The Responsa Project is the most comprehensive and easily searchable digital Jewish library in the world. The Responsa Project began at the Weizmann Institute in 1963 and is now being managed by the Bar Ilan University in Israel. In the early 1970s, the U.S. National Endowment for the Humanities awarded a large research grant to support the Responsa Project that has led to many research and development activities to expand the project. It contains the great works of Jewish wisdom and includes the Bible and its principal commentaries, the Babylonian Talmud and the Jerusalem Talmud with commentaries, Midrashim, Zohar, Rambam, Shulchan Aruch with commentaries and the collection of Responsa questions and answers on matters of Jewish law.
In the first stages of the project, the focus was on the Responsa literature. It is an account of all the questions and advice between Jews and their local rabbis on various subjects. Many of the resulting questions and answers were collected in books and needed to be digitized.
The second stages of the project targeted documenting numerous halachic, historical, sociological and economic data, which reflect approximately 1,000 years of the Jewish life. Due to the quantity of this material, a special committee was established to set priorities about which texts to include in the database, in light of their relevance, scope and accessibility. Some material and ancient Hebrew scripture was difficult to read and digitize. This presented a need to invest in technology that has the ability to extract information from ancient materials.
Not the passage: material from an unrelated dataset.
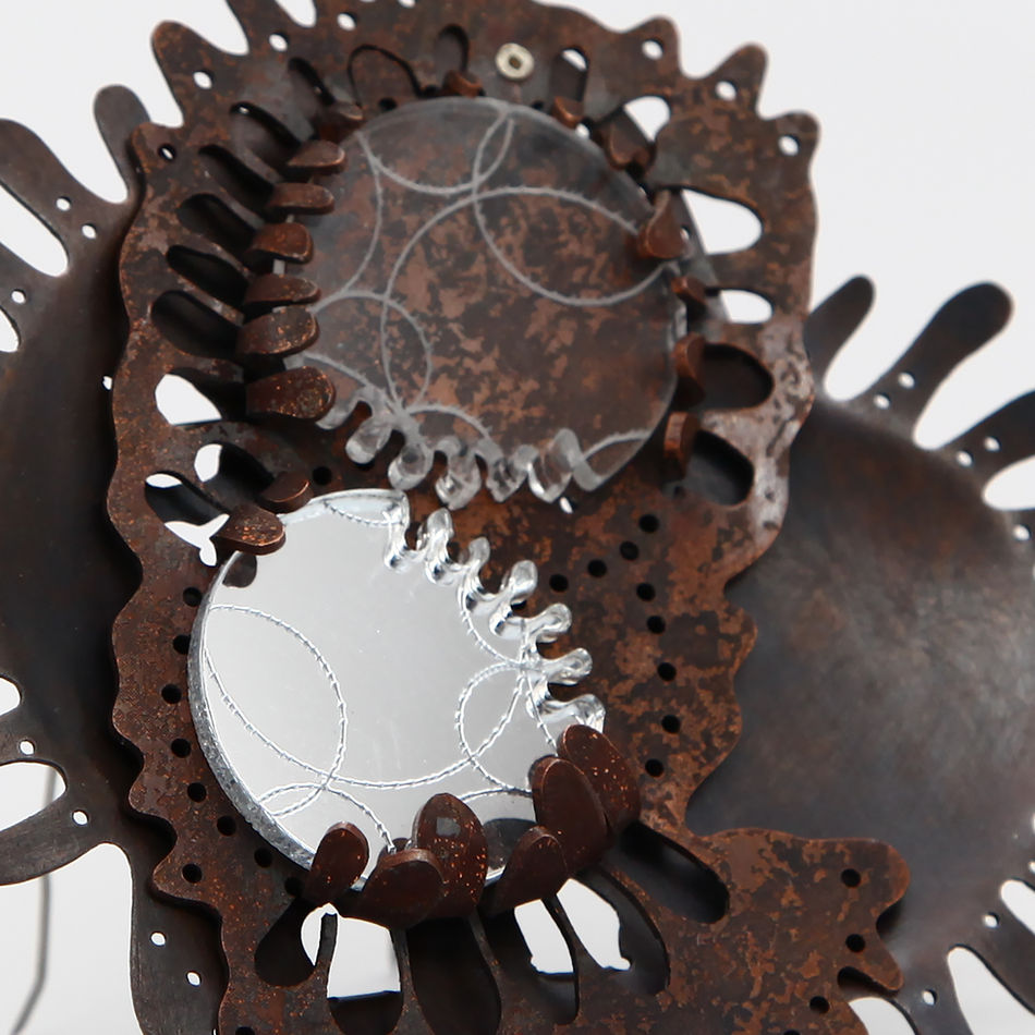 There are two identities living inside the physical me. One of the duo is blank, calm, logical, organized, and restricted; the other one is full, dramatic, emotional, chaotic, and free. I am intrigued and inspired by the process of uniting materials that have distinctive texture, color, toughness, and transparency, which enables me to express my dual identities, and helps me visualize the growth of a newborn from an ambiguous seed to a matured form.

Building on expertise in artificial intelligence, image analysis and data mining, scientists were able to create solutions that incorporated Optical Character Recognition (OCR) capabilities, like that of NovoDynamics, using advanced OCR technology to extract critical information and combines the information extraction with accurate language recognition technology.
Prior to using a technology approach and deploying OCR software, immense efforts were committed to the manual creation of text-indexes according to selected keywords. These efforts were ineffective and too time-consuming. Professor Aviezri Fraenkel believed that investing in automation would be more productive. What was needed was an OCR product, like NovoDynamics' VERUS, that could provide superior accuracy, including the highest language recognition accuracy for Hebrew and Middle Eastern languages in the world. The committee chose to use OCR technology to extract information from the most challenging data sources. They quickly searched through large, complex data sets to find answers to their most difficult problems.
VERUS technology has been used in several similar applications, such as Project AMEEL, a joint effort by Yale and Stanford Universities to create a scholarly web-based portal for studying the Middle East history, culture and development, as well as by the University "St. Kliment Ohridsky" of Sofia, Bulgaria to support a new research project in Arabic Language and Linguistics. VERUS is an advanced OCR product because it delivers the highest level of accuracy when processing real-world documents, such as yellowed pages, poor copies and stained documents. It uses advanced, proprietary image processing technology that automatically cleans and orients pages before recognizing text to provide be immense precision for recognizing Hebrew and Middle Eastern languages. OCR is supporting the Responsa Project in being able to provide today such access to valuable texts as thousands of years of writing, from the Bible and the Talmud to current volumes.
The Bar-Ilan University uses a retrieval software engine to enables classic free-text searches for Boolean word combinations using an inverse index. The result for the Israel's Bar-Ilan University is that there are currently 300-plus books within the database portal that are available to students, researchers and the public. The books have been digitized. The public can conduct simple queries with ease on any topic of interest using key words and a sophisticated search and retrieval mechanism. They can also request and get a printout of every Responsum in these 300 volumes, which provide summaries of the topics. Tamar Duke-Cohan, who teaches classes about the Holocaust at Hebrew College in Newton, MA said that she thought that the "printing functions resulted in printed pages that look very good. In addition, there is some search functionality, mostly through indexes that is helpful. Once you get the hang of these, they are quite useful."
In 1991, the Online Responsa was launched and also made into a CD for easy accessibility. The project contains not only useful content for the Torah scholar but also provides an easy user-friendly way for the general public to learn and uncover such information about how life was really like in terms of how people dressed, the coinage of the time, the mercantile systems and, of course, the use of language in different eras. For instance, a historian may use the search functions of the Responsa project to enlighten him/her on various aspects of a certain era. There are indexes to many halakhic works and keyword combinations that now exist in more modern and standardized language. There is also a "simulated thesaurus" that offers users who are not familiar with technical terminology.
To date, over 300 man years have been invested in developing the cutting-edge software behind the Responsa Project and in data entry and verification.